Complex Predicates in Persian

Abstract

The correlation between the meaning of verbs and the syntactic structure in which they appear has generated a renewed interest in the interaction between the lexical and syntactic components of the linguistic system. Two main approaches to verb-formation can be distinguished: Lexicalist theories believe in an independent module of word-formation consisting of richly annotated verbal entries; the Predicate-based approaches, on the other hand, argue that verbs are formed in a component that is subject to syntactic principles and believe in a direct relation between syntactic structure and semantic properties. In this talk, I will investigate causative/inchoative alternations and unergative verbs in Persian, and I will argue that a compositional and predicate-based approach to verb-formation can best capture the properties of these complex predicates.

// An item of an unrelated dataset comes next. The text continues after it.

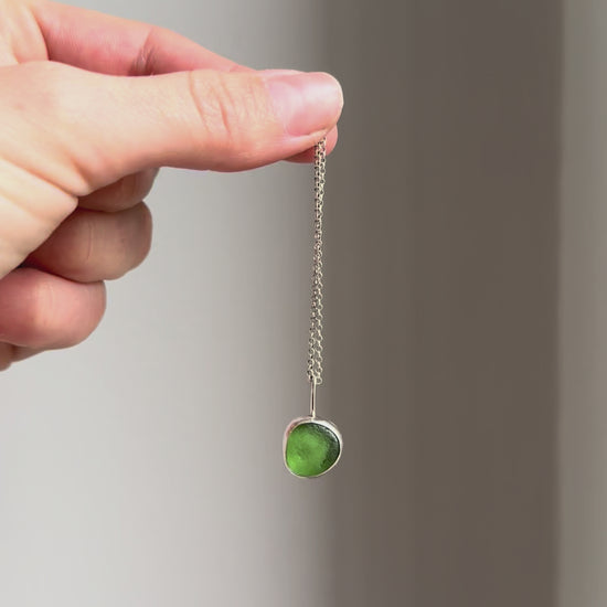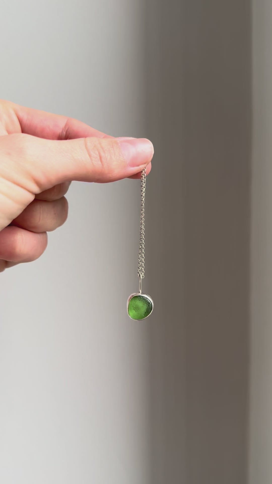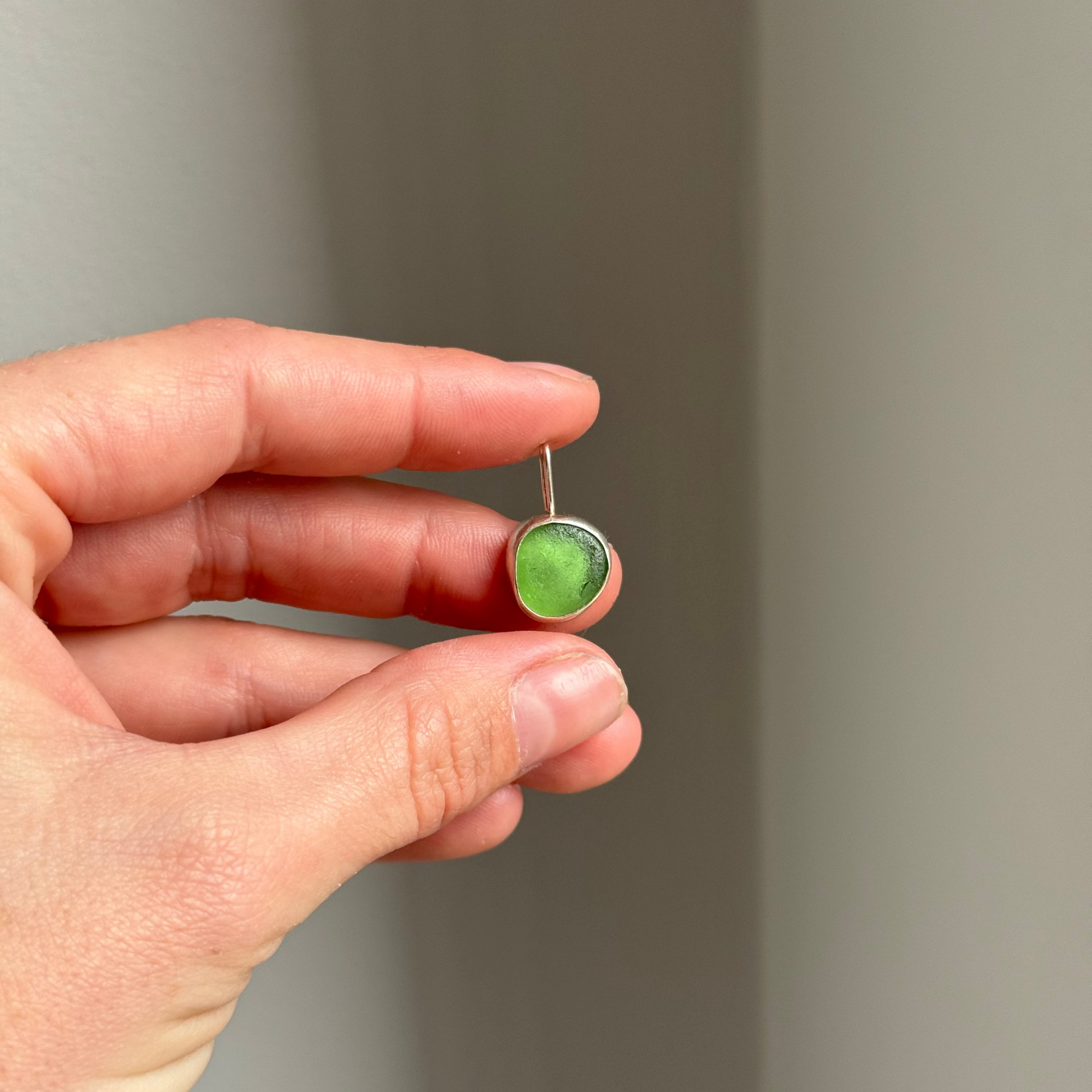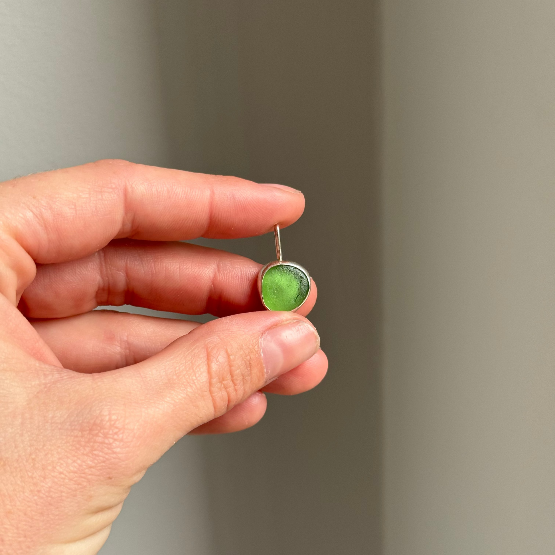Polzeath is full of light and energy - surfers on the waves, sunshine over the bay. This bright green circular pendant reflects that glow, a lively tide-shaped fragment framed in sterling silver.

A study of the syntactic and semantic properties of a number of light verb constructions in Persian helps isolate the individual contributions of the preverbal element and the light verb. I will show that, as previously discussed in the literature, the substantive aspects of the complex predicate are contributed by the preverbal element while the event information is carried by the light verb part. I argue, however, that the preverbal and verbal elements can further be decomposed into lexical and functional parts, with the latter projecting all arguments of the verbal construction. In particular, I will propose an analysis based on a syntactic decomposition of verbal predicates following ideas developed in Distributed Morphology (Halle and Marantz 1993), the Minimalist Program (Chomsky 1995) and the approaches in Vergnaud (2000) and Hale and Keyser (1993), whereby the event structure is formed by the combination of the root (represented by the preverbal element) and functional components (instantiated as light verbs). In this analysis, the argument structure is not projected from the lexicon but is formed compositionally by the conjunction of the components of the complex predicate in syntax. The dual behavior of Persian complex predicates as lexical and syntactic elements, which has been attested in Persian literature on light verb constructions, follows naturally from the analysis proposed since there is no strict division between the level of word-formation and the component manipulating phrasal constructs (Marantz 1997).

The syntactic decomposition approach to verb-formation captures the compositionality of the verbal constructions and does not give rise to a proliferation of lexical entries. Furthermore, it allows us to derive the various properties of complex predicates in Persian using already existing syntactic principles.

References:

Chomsky, Noam. 1995.
The Minimalist Program. Cambridge, Mass: MIT Press.
Hale, Kenneth and Samuel Jay Keyser. 1993.
"On Argument Structure and the Lexical Expression of Syntactic Relations". In The View from Building 20. Cambridge, Mass: MIT Press.
Halle, Morris and Alec Marantz (1993).
"Distributed Morphology and the Pieces of Inflections". In The View from Building 20. Cambridge, Mass: MIT Press.
Marantz, Alec (1997).
"No Escape from Syntax: Don't Try Morphological Analysis in the Privacy of Your Own Lexicon". In Proceedings of the 27th Annual Penn Linguistics Colloquium. Philadelphia, Pennsylvania, Working Papers in Linguistics 4.
Vergnaud, Jean-Roger (2000).
"Primitive Aspects of the Syntactic Code". Talk Presented in Paris, 6 October.